Medina is a prolific visual artist, having shown in over 50 group and solo exhibitions worldwide. In 2008, he presented a solo exhibition in Tijuana, Mexico, entitled Buttoning Up the Border. In 2012 his San Diego solo exhibit, Where You From? A Collection of Sights and Sounds from Alexandria, Egypt drew coverage from National Public Radio. In 2015, he published his first book, Denvoid and the Cowtown Punks (launching his own imprint, Robot Enemy Publications, in the process), a collection of illustrations as well as personal memoirs, photos and interviews documenting the punk scene of 1980's Denver.Westword magazine named Denvoid and the Cowtown Punks the "Best Denver Music-History Book" of 2016. Also in 2015, he contributed an article on early Denver punk promoter, Tom Headbanger, to the Colorado Music History series at Denver Public Library. In 2017, Robot Enemy Publications published its second volume, Headspaces: Surrealistic Album Art & Collage by Sonny Kay.

The follow-up to Denvoid, Denvoid 2 Colorado Crew: A Collection of Tales and Images from The Colorado Punk Scene 1988-1996, is a collaboration with Sonny Kay and was released with much fanfare in 2019. The book includes over sixty interviews featuring bands, record labels, artists, writers, entrepreneurs, academics, photographers, promoters, culture jammers, and media influencers including director/musician Mark Brooks, of Lil Pimp and Metalocalypse; Pete Lyman, who has mastered Grammy Award-winning albums by artists including Chris Stapleton; Matt Jacobson owner of the influential grindcore and death metal record label, Relapse Records; punk rock artist icon, Chris Shary who has designed album covers for the Descendents and Less Than Jake, and musician/author Jason Heller, among many others. The Denvoid books were a primary source for Daniel Harvey's "Mile High Hardcore" paper in the Spring 2021 Historical Studies Journal.

In late 2020, Wake Up! Music Group released a 182-page volume of Medina's Day of The Dead artwork and writing, Y Con Tu Espíritu: Palabras y Muertitos'.

In the spring of 2021 Medina conceptualized and created the Calaca Tarot Card deck. The project was realized through a Kickstarter funded project.
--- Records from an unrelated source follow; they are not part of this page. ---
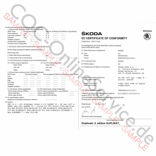 COC-dokumenter til Skoda (Certificate of Conformity)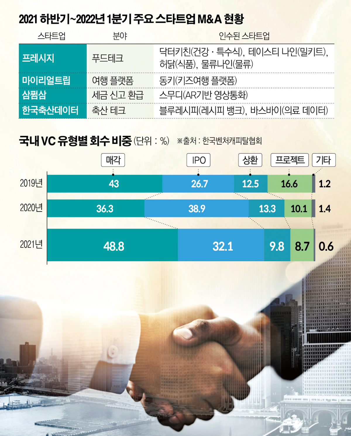 VC·벤처 업계에서는 스타트업 생태계 전반의 M&A가 지금보다 더 활성화돼야 한다고 입을 모은다. IPO가 쉽지 않은 국내 증권 시장에서 M&A가 성공적인 엑시트 전략으로 기능하며, 업계의 선순환을 일으킬 수 있기 때문이다.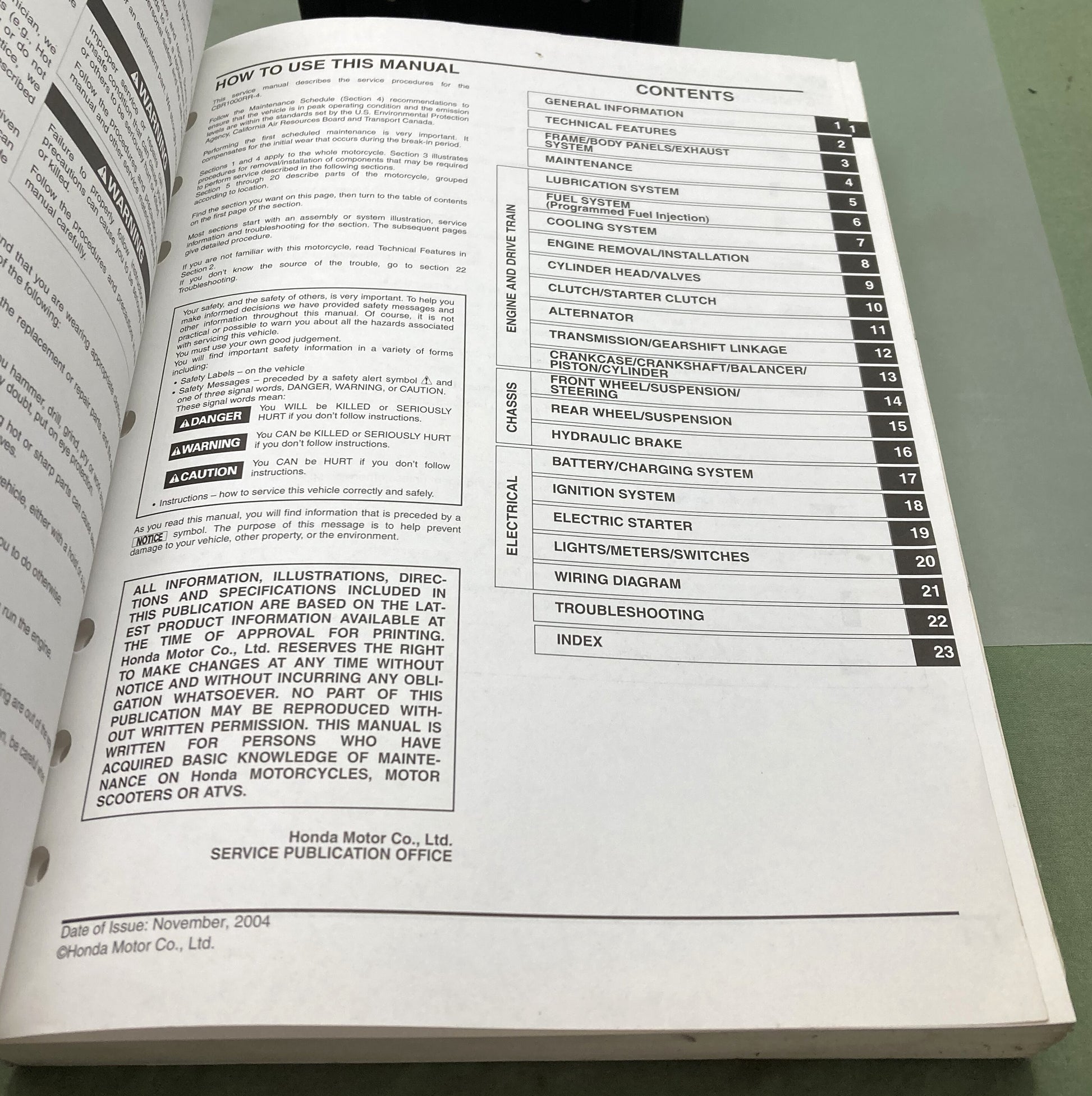 Genuine Honda 61MEL01 CBR1000RR Service Manual '04-'05

Medina's work on the Denver punk scene has been featured in interviews including the Emo Brown podcast, Low Key Arts' Movers and Makers, and a KGNU Metro Episode talking about both books and the impact KGNU had on Colorado's punk scene.

Medina has taught at the American Community School of Abu Dhabi in Egypt. He taught as an Art teacher for the school, he worked and lived there for 8 years. He’s since moved to San Diego California and is still teaching as an Art Teacher. Medina currently teaches at High Tech High School as a 12th grade educator.